Me and my husband Fergus did a lot of traveling in the ‘afterwards’. I wanted to capture something of that; all our walking through the world. And how, the further we walked, the bigger the world became.

The Absolute Book began directly when I started musing on the kinds of stories I love. Particularly those I’d loved for a very long time.

I was sixteen when I read Mikhail Bulgakov’s The Master and Margarita. I can still remember my thump of excitement at the movement from chapter one, ‘Never Talk to Strangers’, to chapter two, ‘Pontius Pilate’. In chapter one a couple of members of the Writers Union are having a conversation by the Patriarch Ponds in Moscow on a hot day sometime in the late 1920s. They are interrupted by a foreign gentleman; a professor of some sort. After a time the men’s conversation turns to theological matters, and the foreigner begins to tell a story. The first lines of his story are the final lines of chapter one, and the first of chapter two:

Early in the morning of the spring month of Nisan the Procurator of Judaea, Pontius Pilate, in a white cloak lined with blood-red, emerged with his shuffling cavalryman’s walk into the arcade connecting the two wings of the palace of Herod the Great.’

Chapter two almost entirely concerns the examination of a troublesome and deeply touching rebel by the migraine-stricken Procurator. The whole of the novel, with its witches and night flights, its communist officials and badly behaved poets, its venal Muscovites, vexed theater impresarios, depressed novelists and talking cats was enormously influential for me. It isn’t just the quality of The Master and Margarita’s bookishness that I love (there’s a suppressed and very nearly burned novel manuscript at the center of the story), it is also its humor, its seriousness, artistic and intellectual; its and fearlessness about being farcical, or being grand; its sense of wonder and enchantment; its deep and real feelings. All of those things managing to sit singing with one another in a single book gave me a sense of what it was possible to do. I never forgot the way that book first made me feel. So, when I started to think what to do with the great feeling of freedom that came upon me after having being deeply sad and deathly tired, I thought about The Master and Margarita.

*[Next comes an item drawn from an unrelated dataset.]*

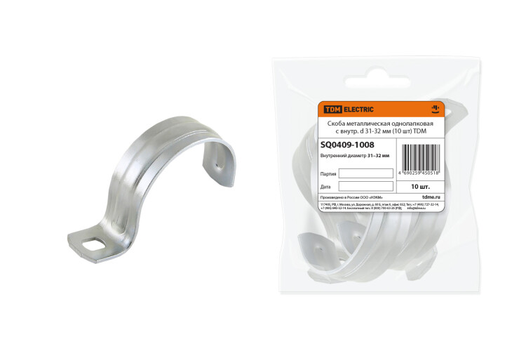 TDM Скоба металлическая однолапковая с внутр. d 31-32 мм (10 шт).

My next thought was that if I was going to try to write something tonally varied, it would be a very good idea if it had a number of fantasy tropes that were familiar, and would help shape the story. I liked and had been musing about the sort of book in which a group of people spend the novel looking for something. A thing. An object. Some of those books were what you might call arcane thrillers. Books like The Da Vinci Code or Shadow of the Wind. Books with a scholarly hero, and peopled by groups with competing or collaborative interests related to the thing they’re trying to find. Books full of reasons for strangers to talk to one another. Reasons for strange bedfellows.

 

Why Libraries?

Since I was writing a book about what to keep, and how sharing is keeping, I thought ‘libraries express that’. I had things I wanted to say about the worth of libraries. Libraries have always been a refuge to me—and a library and librarian pretty much saved my father’s life when he was a 13 year old removed from his home and sent to work on a farm—and sleep in a tin shack with a dirt floor— in the Wairarapa in the early 1940s. I decided my novel must have a protagonist who has written a book about library fires, a book that is doing well and drawn all kinds of attention. (I’ve always loved books where the main characters have work, where work shapes their lives and the story.) I thought about libraries as treasure houses, as refuges, and centers of community. As hubs—places to come in to and go out from. (There’s a lot of coming in and going out in the novel). But The Absolute Book is also a novel where a group of people central to the story—the sidhe—don’t even have libraries. They don’t have books. They themselves are their only memory-keepers.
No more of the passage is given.